# Model 700 Problem



## Mirvin 264 (Oct 16, 2011)

Don't really know how to explain this problem, but here goes........... I picked up a very nice SPS stainless in 270 WSM a couple days ago in a trade- Came with a new laminate thumbhole stock and the factory black stock- Went to my brother-in law's yesterday to sight in a scope I had mounted on it, had some difficulty loading the cartridges into the magwell (3 Federal Vital Shock 130 gr.), but got them in- Fired the first two rds. and they ejected with no problem, but upon chambering the third, it would hang up between the feed ramp and the follower (did this every time I tried, always the third rd.)- The feed ramp seemed to "dip down" in the front upon chambering the last rd., causing the jam- I reversed the ramp spring, no help- Then I found the the cartridges would not even load down into the magwell any more because the casings are "hanging up" on the two small "lips" on either side of the bottom of the chamber (these I assume aid in holding the shells down in the magwell- This is a part of the action itself, and not the magazine- I tried several empty casings, and they all hang up while trying to load, wont pass by the "lips" to go down into the mag area- Could it be the particular ammo? I've owned several 700's in the past, never seen a problem like this............ Any help? Thanks in advance!


----------



## Hammack (Oct 16, 2011)

I know this is probably not the answer you are looking for, but in my experience most of the wsm cartridges do not feed well.  The case walls are just too straight.  The two that I built I was only able to accomodate two in the mag, and not three.  due to them being so much wider than the standard magnum cases.


----------



## jglenn (Oct 16, 2011)

I also avoid the 3 rounds in the magazine on any Rem WSM

load two then drop one down toward the chamber and as I close the bolt I simply depress the rounds in the mag just enough for the bolt to slide over them.. 
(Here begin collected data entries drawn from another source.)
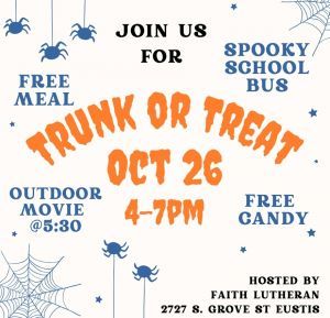 Join us for a family friendly Trunk or Treat event! Candy, food, and fall fun!
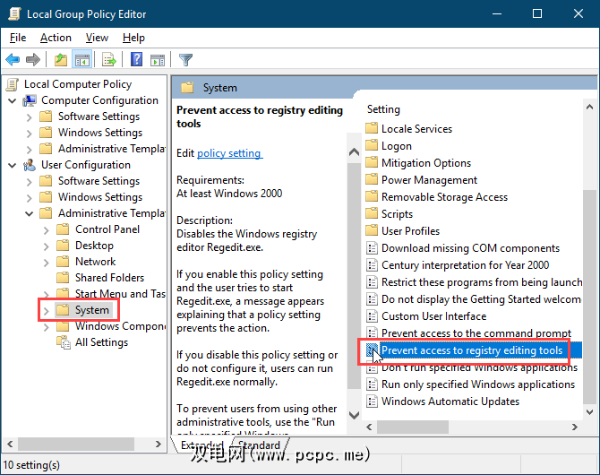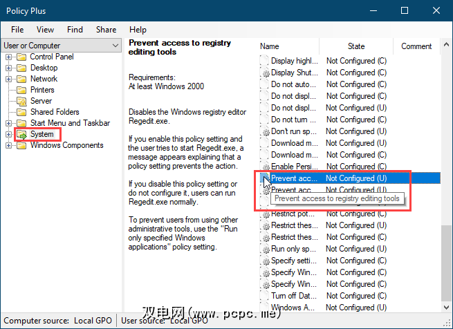 要禁止访问使用Policy Plus的注册表编辑器,在左窗格中选择系统。然后双击左窗格中的防止访问注册表编辑工具设置。
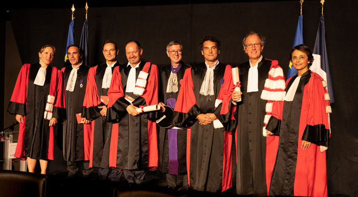 De g. à d. : Mathilde PHILIP-GAY, professeure de droit public ; Hervé de GAUDEMAR, Doyen honoraire de la Faculté de Droit; Olivier GOUT, Doyen de la Faculté de Droit; Philippe SANDS, Docteur honoris causa de l'Université Jean Moulin; Olivier DUGRIP, Recteur de l'Académie de Lyon ; ?ric CARPANO, président de l'Université Jean Moulin; Johannes MASING, Docteur honoris causa de l'Université Jean Moulin ; Frédérique FERRAND, professeure de droit privé.
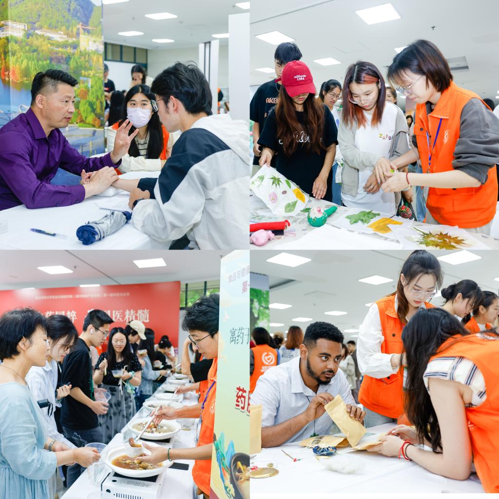开幕式后,师生参加了品尝药膳八大碗、手工制作香囊香皂、中草药拓印、中药茶饮、中医问诊把脉、中药标本和科研产品展示等精心准备、丰富多彩的活动,通过沉浸式体验,切身体验感受中药文化的魅力。

I've had one Win 7mm WSM that handled 3 in the mag fine.


----------



## Allen Waters (Oct 16, 2011)

I agree with two previous posts. I owned a 700 in 270wsm as well. I only held two in mag and one in the chamber as well.


----------



## deadend (Oct 16, 2011)

The WSM cartridges seem to be problematic in the 700's by all accounts.  The Shamwow however, attracts no flies.


----------



## Hammack (Oct 17, 2011)

deadend said:


> The WSM cartridges seem to be problematic in the 700's by all accounts.  The Shamwow however, attracts no flies.


About the only way I have been able to make one feed in a 700 was by installing a wyatt's center feed box.  Have one now that I am building for dad.  They seem to work pretty well.


----------



## Mirvin 264 (Oct 18, 2011)

Thanks for all the info thus far! To Hammack, any info on the center feed box that you could share with me?


----------



## Hammack (Oct 19, 2011)

Take a look here.  
http://wyattsoutdoor.com/product_info.php/cPath/1/products_id/38
I have never put one in a factory wsm rifle as the only ones I have built were on modified 308 short actions, but I don't see why it would not work as well.


----------



## Mirvin 264 (Oct 19, 2011)

Thanks to all for the info!


----------



## SeanandBrice (Oct 19, 2011)

jglenn said:


> I also avoid the 3 rounds in the magazine on any Rem WSM
> 
> load two then drop one down toward the chamber and as I close the bolt I simply depress the rounds in the mag just enough for the bolt to slide over them..
> 
> I've had one Win 7mm WSM that handled 3 in the mag fine.



I do exactly the same thing.


----------



## jsharp (Dec 3, 2011)

yep, 2 in the magazine and 1 in the chamber


----------



## Mirvin 264 (Dec 4, 2011)

Contacted Remington Customer Service last week to order a new mag spring and follower- The tech is sending me a new spring, follower, and mag box at NO CHARGE! Amazing, since I told him I was not the original owner and had traded for it- It had a manuf. date of 2010, which is why he was surprised that I was having problems- Nonetheless, I give kudos to Remington for awsome CS, and thanks to all for the helpful hints- Hope this works to put this problem behind me!


----------



## bighonkinjeep (Dec 4, 2011)

It may seem too obvious but have you tried the original factory stock?


----------



## Mirvin 264 (Dec 4, 2011)

Not since I had the problem, but that is exactly what I'm going to try once I get the parts- Thanks for the concern!


----------



## bighonkinjeep (Dec 4, 2011)

I was thinking that the aftermarket unit may need some minor adjustment to the magwell area. If the problem goes away with the factory stock it may give you an idea of how it needs to be adjusted.
Good luck


----------